Nonetheless, the cumulative trend chart highlights the bullish before/bearish after phenomena of this planetary pairing, albeit with some qualification.  The period before the conjunction is actually a bit bearish if we extend the period back to 18 days before.  The most bullish period is therefore from 9 days before to the day of the conjunction.  This equates to May 31 to June 9 for the approaching conjunction.  It is also worth noting that the bearish phase after the conjunction only lasts about 9 days on average.  This is more evidence of the secondary nature of the effects of the Venus-Jupiter conjunction.

 

And since none of the intervals reached statistical significance, we should take this result with a grain of salt.  There is a lot of room for other outcomes with this conjunction and the path of the price changes of the current conjunction may ultimately bear no resemblance to the mean and median paths shown here.
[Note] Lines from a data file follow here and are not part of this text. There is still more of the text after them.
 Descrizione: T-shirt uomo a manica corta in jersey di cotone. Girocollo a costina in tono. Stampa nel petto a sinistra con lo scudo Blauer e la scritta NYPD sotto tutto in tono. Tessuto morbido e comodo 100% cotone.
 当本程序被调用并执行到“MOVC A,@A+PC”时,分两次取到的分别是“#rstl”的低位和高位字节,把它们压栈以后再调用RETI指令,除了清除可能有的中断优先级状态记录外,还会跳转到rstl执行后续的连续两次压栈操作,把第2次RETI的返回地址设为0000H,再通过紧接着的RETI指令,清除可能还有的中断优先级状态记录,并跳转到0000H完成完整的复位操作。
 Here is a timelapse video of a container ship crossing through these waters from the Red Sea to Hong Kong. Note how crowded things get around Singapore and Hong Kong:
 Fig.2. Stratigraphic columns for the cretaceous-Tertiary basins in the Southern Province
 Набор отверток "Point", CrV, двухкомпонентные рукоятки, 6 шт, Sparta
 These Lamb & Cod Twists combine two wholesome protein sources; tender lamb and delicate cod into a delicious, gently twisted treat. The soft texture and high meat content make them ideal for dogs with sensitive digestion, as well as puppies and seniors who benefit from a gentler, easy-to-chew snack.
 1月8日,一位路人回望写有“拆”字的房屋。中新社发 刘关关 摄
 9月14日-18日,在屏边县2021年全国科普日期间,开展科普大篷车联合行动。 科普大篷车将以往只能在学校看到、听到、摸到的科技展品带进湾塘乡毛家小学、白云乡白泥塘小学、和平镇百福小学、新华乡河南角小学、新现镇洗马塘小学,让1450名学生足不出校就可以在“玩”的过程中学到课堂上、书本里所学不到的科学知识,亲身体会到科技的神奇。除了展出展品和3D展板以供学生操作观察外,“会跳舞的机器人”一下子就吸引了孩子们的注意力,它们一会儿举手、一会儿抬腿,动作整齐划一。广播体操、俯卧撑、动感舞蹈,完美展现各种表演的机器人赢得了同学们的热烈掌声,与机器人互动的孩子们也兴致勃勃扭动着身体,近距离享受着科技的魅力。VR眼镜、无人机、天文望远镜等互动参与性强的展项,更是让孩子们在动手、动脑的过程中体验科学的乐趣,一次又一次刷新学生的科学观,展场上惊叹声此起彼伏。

Implications for this week

The Venus-Jupiter conjunction is unlikely to have any obvious effect of stocks this week.  If the backtest holds any relevance at all, it would suggest some relative weakness this week before the most bullish phase of the conjunction begins from May 31 to June 9.  And yet without statistical significance and no interval above 70% in terms of  “% positive”, the approach of this conjunction is not sufficient reason to expect further gains.  But as part of a larger picture, it does provide more evidence for a mostly bullish bias for the next several weeks.

The ongoing bullish effect of the Mars-Pluto square and the Mars-Pluto-North Node alignment could well have the last word this week upcoming.  If we do happen to see some downside in the coming days, these backtest studies suggest it is likely to be quite limited in scope.

Disclaimer: Not intended as investment advice.  For educational purposes only.